Ладно. Что дальше?..
В принципе, ответ я знал заранее — потому и затарил сразу литр. В дорогу.
Из города придется сваливать.
(Давно надо было. Че я тут торчал? Еще до Нового года надо было валить — сразу после всего…)
Я сморкнулся на снег… Легко сказать — валить. Как? Во всех же кассах паспорт спрашивают.
Медленно я вернулся обратно в вестибюль метро. Надо решаться. Ночевать больше негде. Вообще — негде. В гостинице ведь тоже ксиву потребуют. Даже в ночлежке.
Толку от того, что полно бабок…
Я облокотился правой на резиновый поручень эскалатора — тот немедленно уехал вперед. Как всегда ни с того ни с сего подступила полная обессиленность, словно воздух разом вышел через внезапно вынутую пробку. Я силой прижался левой щекой к холодному плечу.
Попробовать напрямую сунуться к проводнице? Кинуть ей сверху… Блин, не тянет по вокзалам шляться… Паранойя. Паранойя, блин, — ты че, правда думаешь, всем патрульным ментам ориентировки на тебя разосланы?..
А куда? В Питер?
Сколько там? — я вытащил мобилу. Двадцать три ноль пять. Как раз — на какой-нибудь поезд, около двенадцати отходящий…

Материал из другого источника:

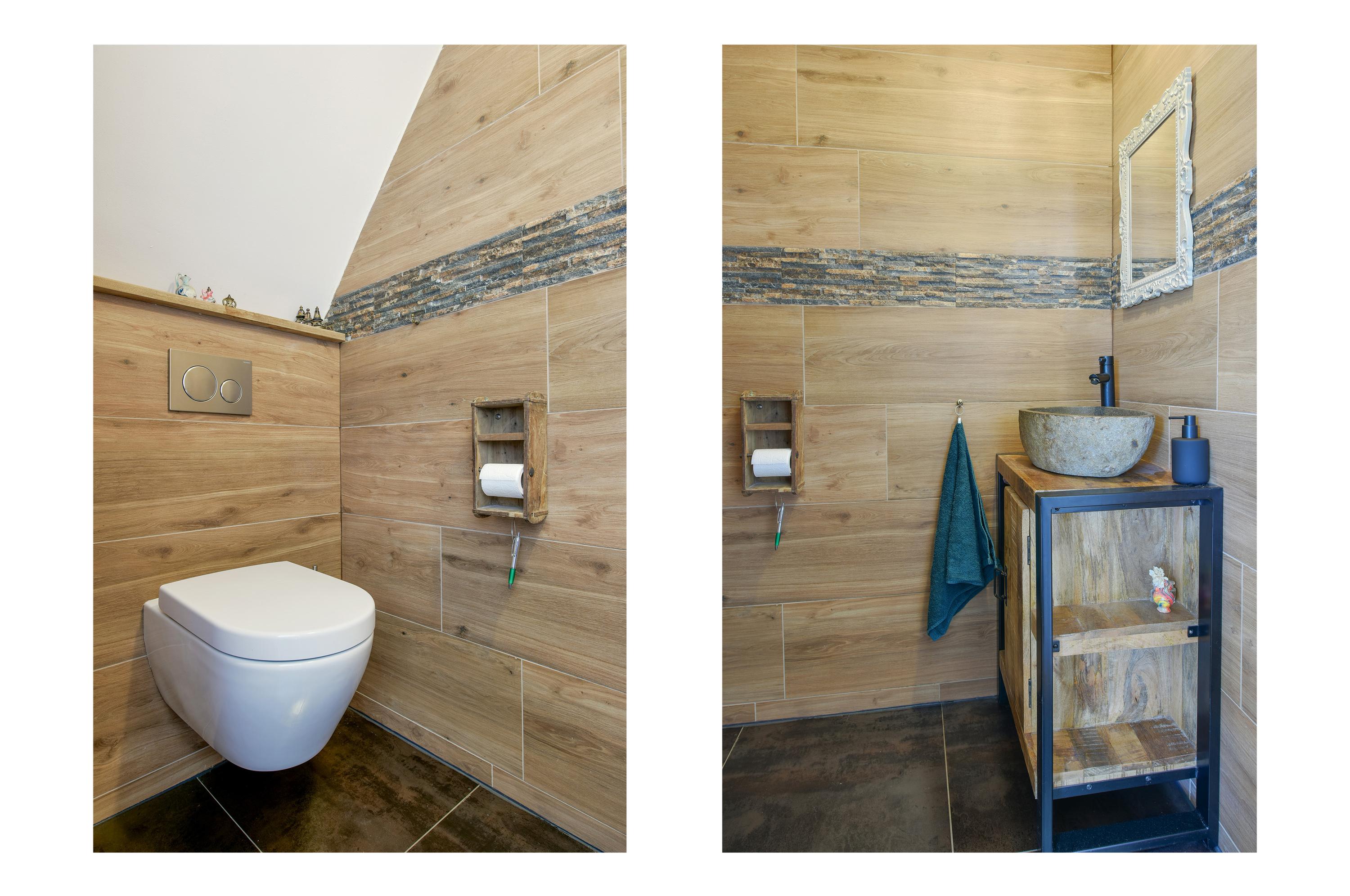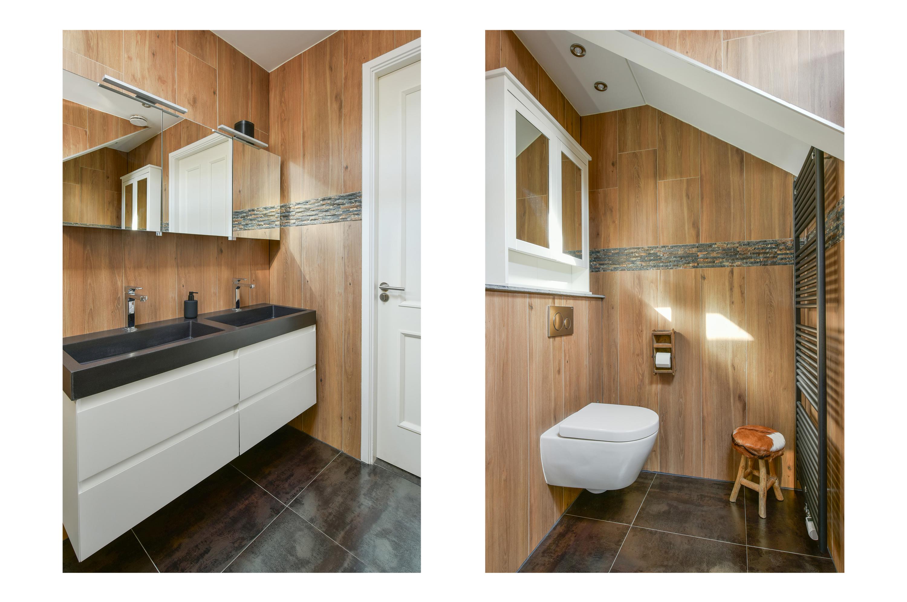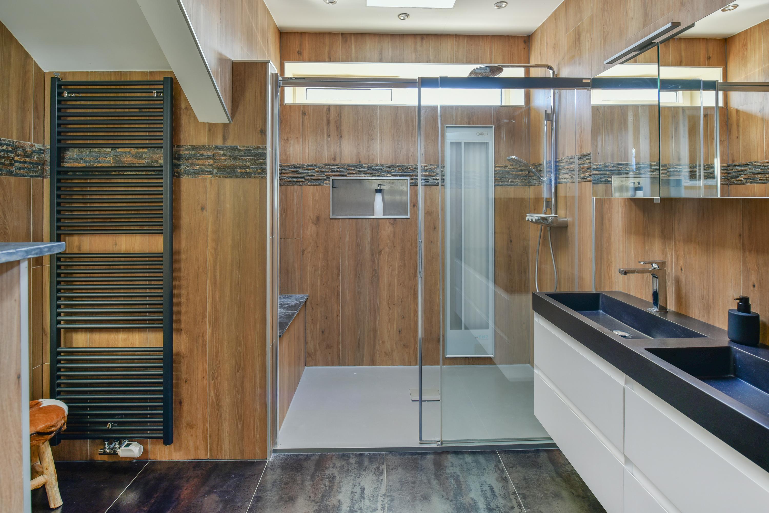 - Royale badkamer met inloopdouche en sunshower, dubbele wastafel en een toilet;

А вот, кстати, и патрульные менты. Двое, стоявшие посреди станции, пялились прямо на меня. Мать.
Прошел. Не докопались. Давненько, кстати, меня не останавливали. Я что, стал цивильно выглядеть?.. По-моему, наоборот…
«Маска нормальности» это называется. Никогда не была моим сильным местом…
Я наугад свернул к левому перрону, ища глазами список станций — как там до «Комсомольской» отсюда?.. Бутылки брякнули за плечом тихо и обнадеживающе.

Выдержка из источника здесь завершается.